Extracted data entries
════════════════════

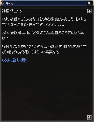 スタートNPCは、ルウンの神殿にいる神官ドミニーク。
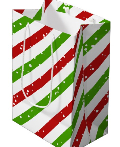 Green White Red Diagonal Snowy Stripes Medium Gift Bag
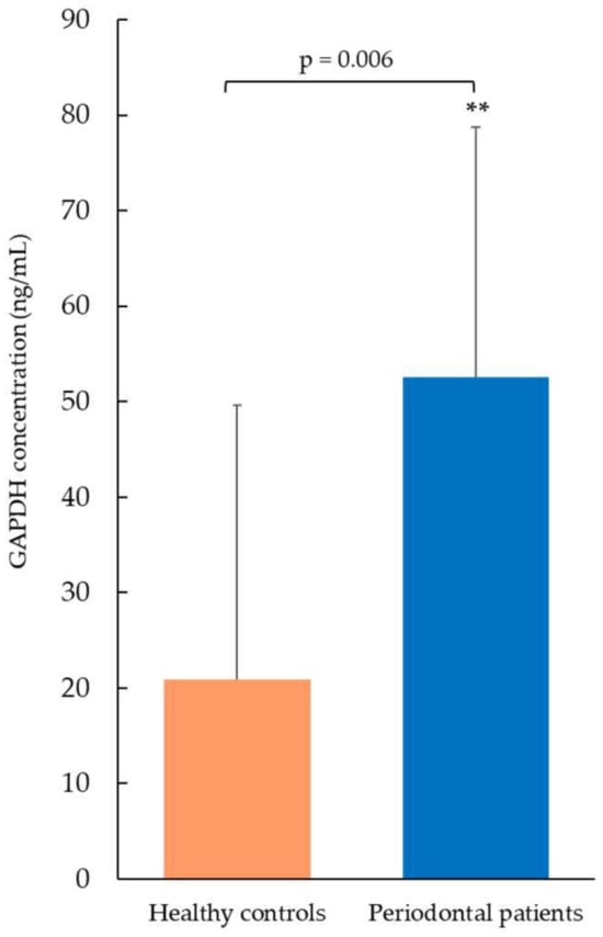 Figure 2. GAPDH concentration measured by ELISA test. Periodontal patients showed significantly increased salivary GAPDH levels compared to healthy controls (** p < 0.01). Data are expressed as mean ± SD, and statistical differences were obtained by Student’s t-test.
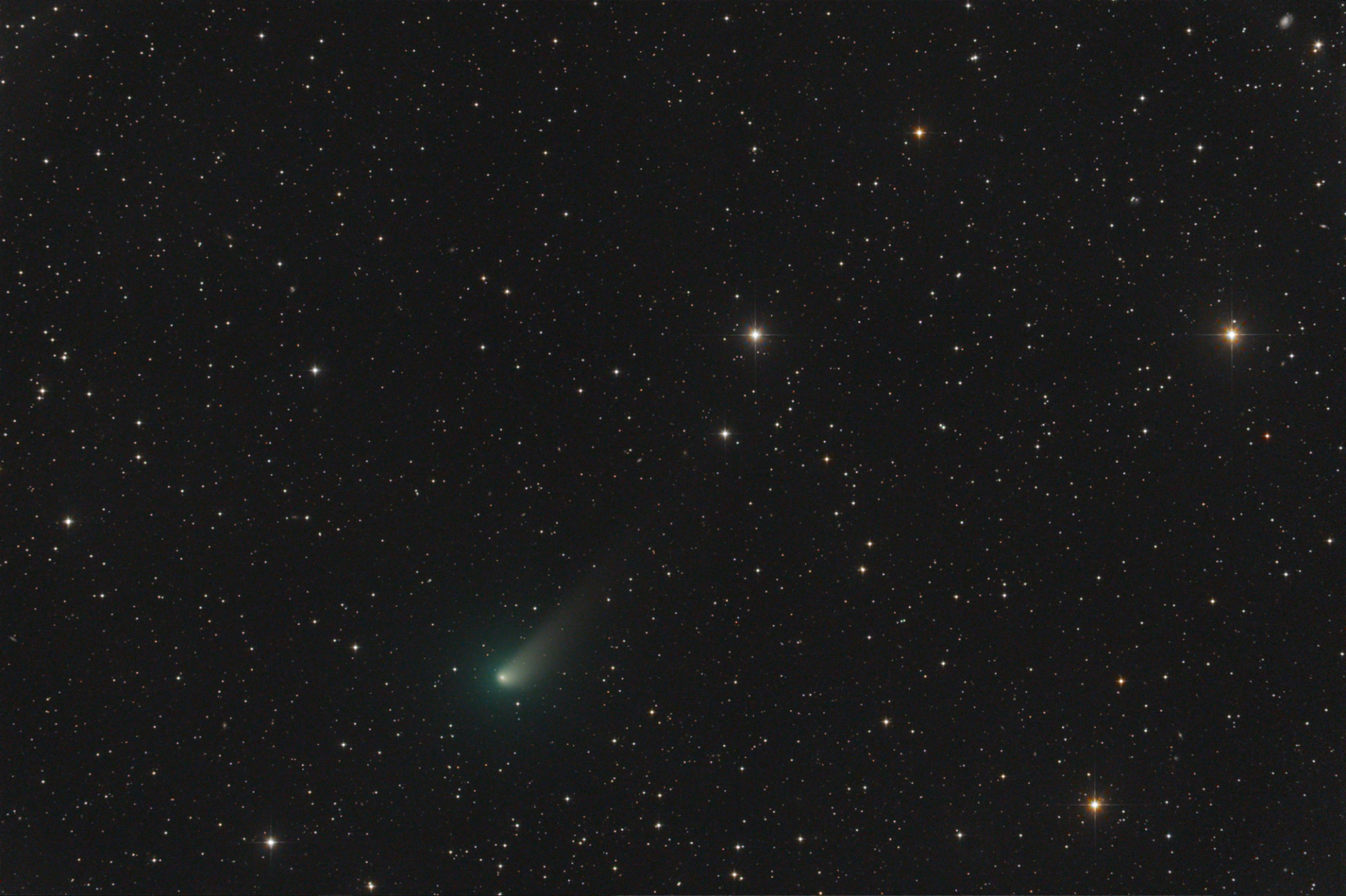 QHY11 CCD / 305mm Newton bei 1186mm / 01:33 - 02:13 MESZ / 6x300sec. Luminanz / RGB aus Takahashi E130D Bild / aufaddiert auf den Kometen / Abbildungsgröße 35 %
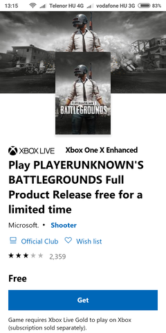 Nos megnéztem az outlook-os profilommal is (ennek még Xbox profilja se volt). Megvettem ezt a Play PLAYERUNKNOWN'S BATTLEGROUNDS Full Product Release free for a limited time elvig csak triál kiadást. Az eddigi $29.99/9900 Ft-os PLAYERUNKNOWN'S BATTLEGROUNDS Full Product Release néven található kiadásnál ezután pedig ugyan-úgy ott van az "Ezt a játékot már megvásárolta." cím, és az is , hogy maximum ajándékba tudnám megvenni. Games with Gold és a hétvégi ingyenes játékoknál mindig is (most is!) ott a kiírás: Az Xbox Live Gold használatával játszhat a játékkal, vagy megvásárolhatja azt.
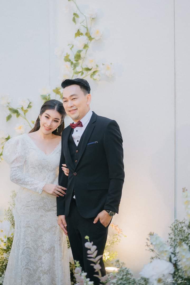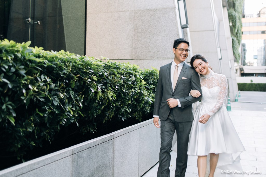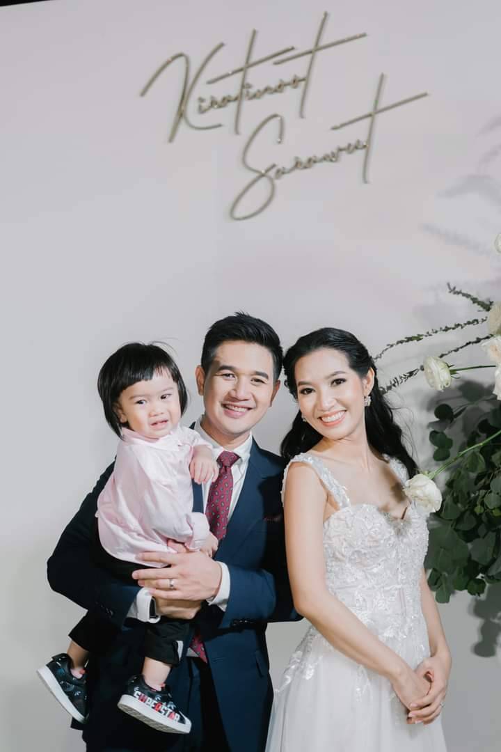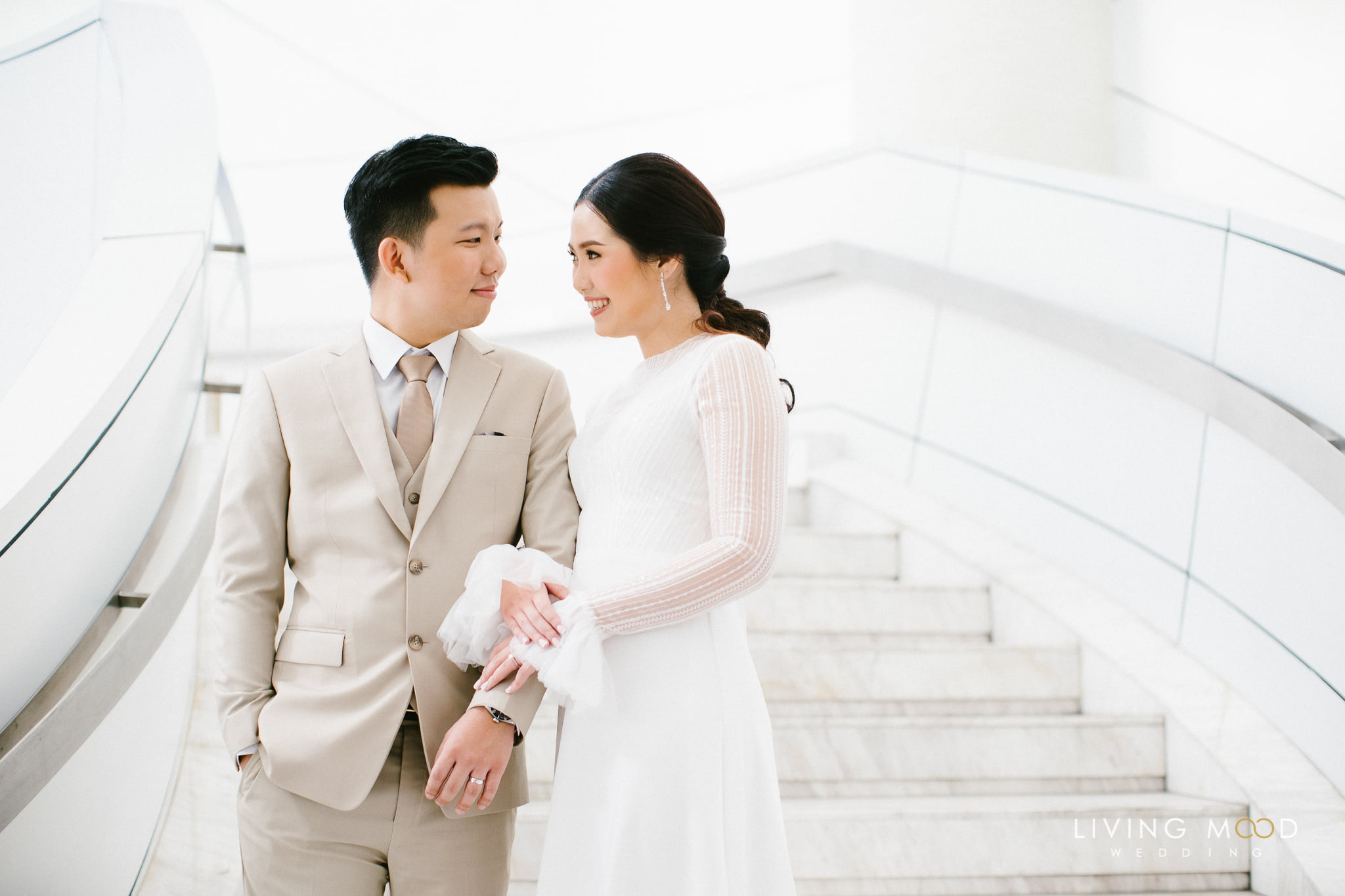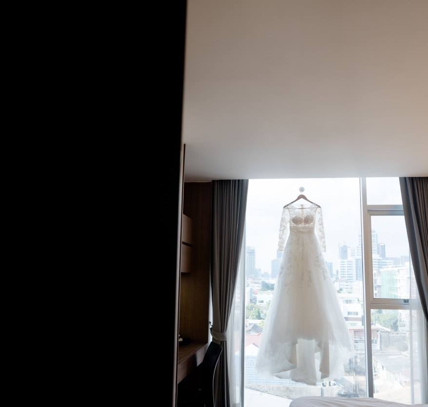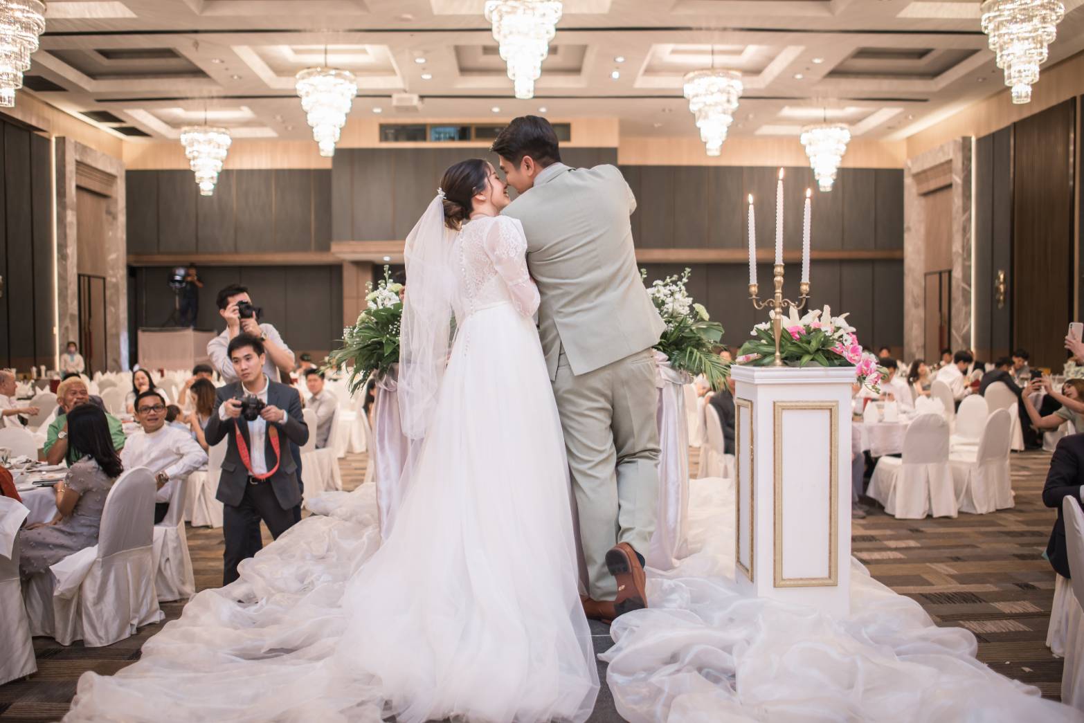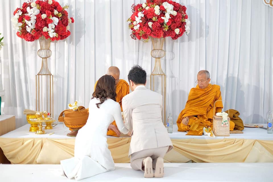 Khun Nok: Pastel pink engagement dress & Reception chiffon dress
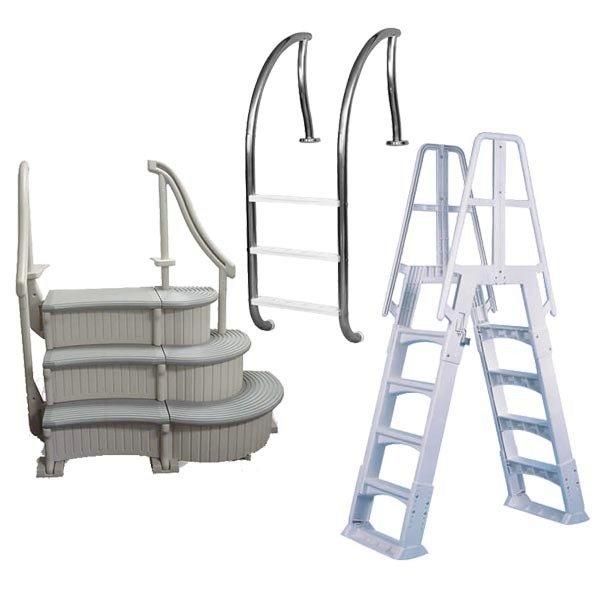 Getting in and out of your pool safely and easily is the purpose of pool ladders and drop-in pool steps. Pool ladders are available in residential and commercial models, and in stainless steel or thick ABS thermoplastic. We carry inground pool ladders and hand rails by SR Smith, Saftron, and Inter-Fab, including their new line of Designer rails and ladders. Ladders and rails have their own accessories too, such as ladder treads, escutcheon plates, anchor sockets, ladder bumpers, hardware and sacrificial anodes for salt systems. For inground pools without walk-in steps, we also have two drop-in pool step models that make entry and exit a snap. For above ground pools, we have a big selection of ladders and pool steps. Locking pool ladders and A-frame ladder systems, up to ultra-safe pool entry systems with self closing gates, which can also be combined with our pool-side decking system. Above ground steps and ladders also have their own group of accessories and replacement parts, including step pads, to protect the pool liner, removable step ballast weights, and ladder handrail deck mount anchors. We even have pool exit steps for your pets and woodland critters with the Frog Log and Pet Step.
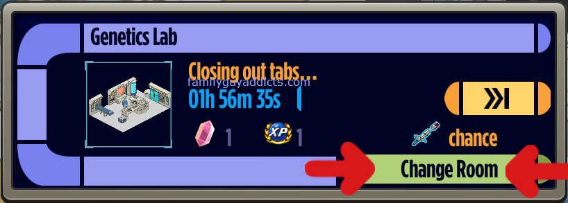 The rooms seem to have a decent drop rate this time. I had to use the swap trick to get Quagmire’s books (swap for 1 guaranteed every 6 hours, or leave sit for a chance at 1 every 3 hours), but the drop rate on the Genetics Lab seems to be good enough to not be worth using the room swap (you get 5 chances in the time it takes for one guaranteed swap).
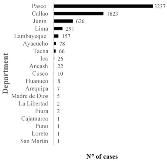 Number of acute heavy-metal-related intoxications in Peru in 2018. Data adapted from a report by the Ministry of Health (MINSA, 2019b).
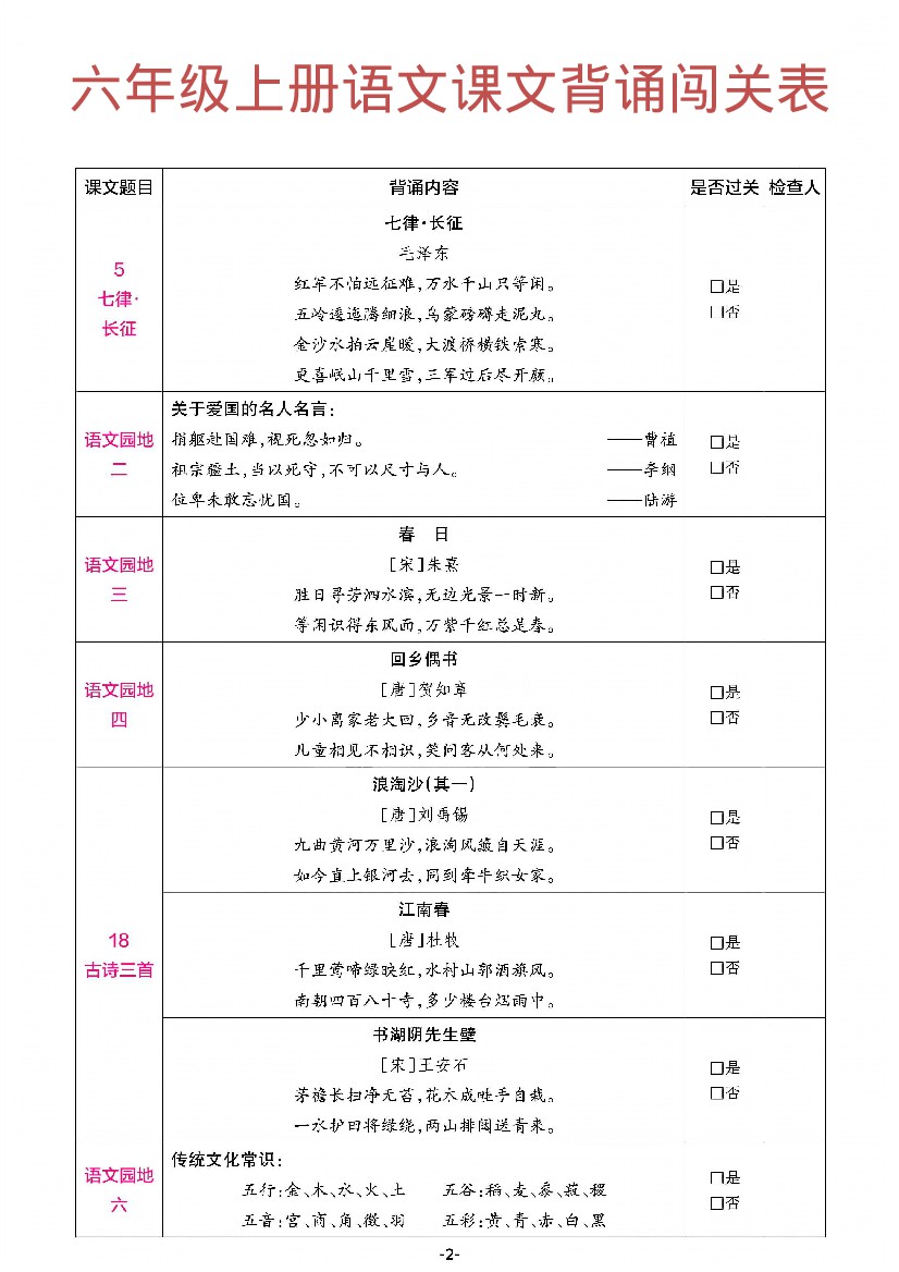 六年级(上)语文课文背诵闯关表
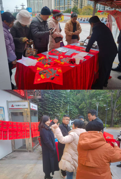 为传承中华优秀传统文化,营造喜庆祥和的节日氛围,深化银保合作、提升客户服务体验,近日,中国人寿寿险鼓楼区支公司联合广发银行白马支行开展“墨香迎春 金融送福”客户服务活动,写春联、送福字,以笔墨传情、以服务暖心,为广大客户送上新春的美好祝福。
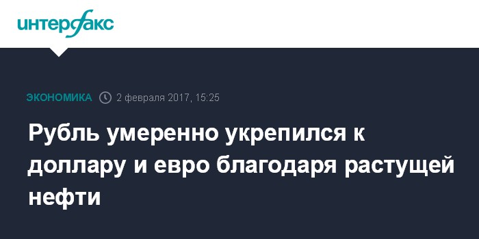 По мнению экспертов "Интерфакс-ЦЭА", укрепление рубля к доллару и евро в первой половине дня 2 февраля связано с продолжающимся ростом мировых цен на нефть, которые в четверг достигли максимума за три недели на новостях о снижении добычи в США и России. Стоимость апрельских фьючерсов на нефть Brent на лондонской бирже ICE Futures к 15:00 МСК поднялась на 0,77% - до $57,24 за баррель. Цена фьючерса на нефть WTI на март на электронных торгах Нью-йоркской товарной биржи (NYMEX) увеличилась к этому времени на 0,54% - до $54,17 за баррель.

════════════════════

WORK REQUEST
Of the records above, print only the lines from the one containing "Green White Red" through the one containing "Nos megnéztem az", inclusive and unaltered, leaving out pictures.

REPLY TO THE EXERCISE
 Green White Red Diagonal Snowy Stripes Medium Gift Bag
 Figure 2. GAPDH concentration measured by ELISA test. Periodontal patients showed significantly increased salivary GAPDH levels compared to healthy controls (** p < 0.01). Data are expressed as mean ± SD, and statistical differences were obtained by Student’s t-test.
 QHY11 CCD / 305mm Newton bei 1186mm / 01:33 - 02:13 MESZ / 6x300sec. Luminanz / RGB aus Takahashi E130D Bild / aufaddiert auf den Kometen / Abbildungsgröße 35 %
 Nos megnéztem az outlook-os profilommal is (ennek még Xbox profilja se volt). Megvettem ezt a Play PLAYERUNKNOWN'S BATTLEGROUNDS Full Product Release free for a limited time elvig csak triál kiadást. Az eddigi $29.99/9900 Ft-os PLAYERUNKNOWN'S BATTLEGROUNDS Full Product Release néven található kiadásnál ezután pedig ugyan-úgy ott van az "Ezt a játékot már megvásárolta." cím, és az is , hogy maximum ajándékba tudnám megvenni. Games with Gold és a hétvégi ingyenes játékoknál mindig is (most is!) ott a kiírás: Az Xbox Live Gold használatával játszhat a játékkal, vagy megvásárolhatja azt.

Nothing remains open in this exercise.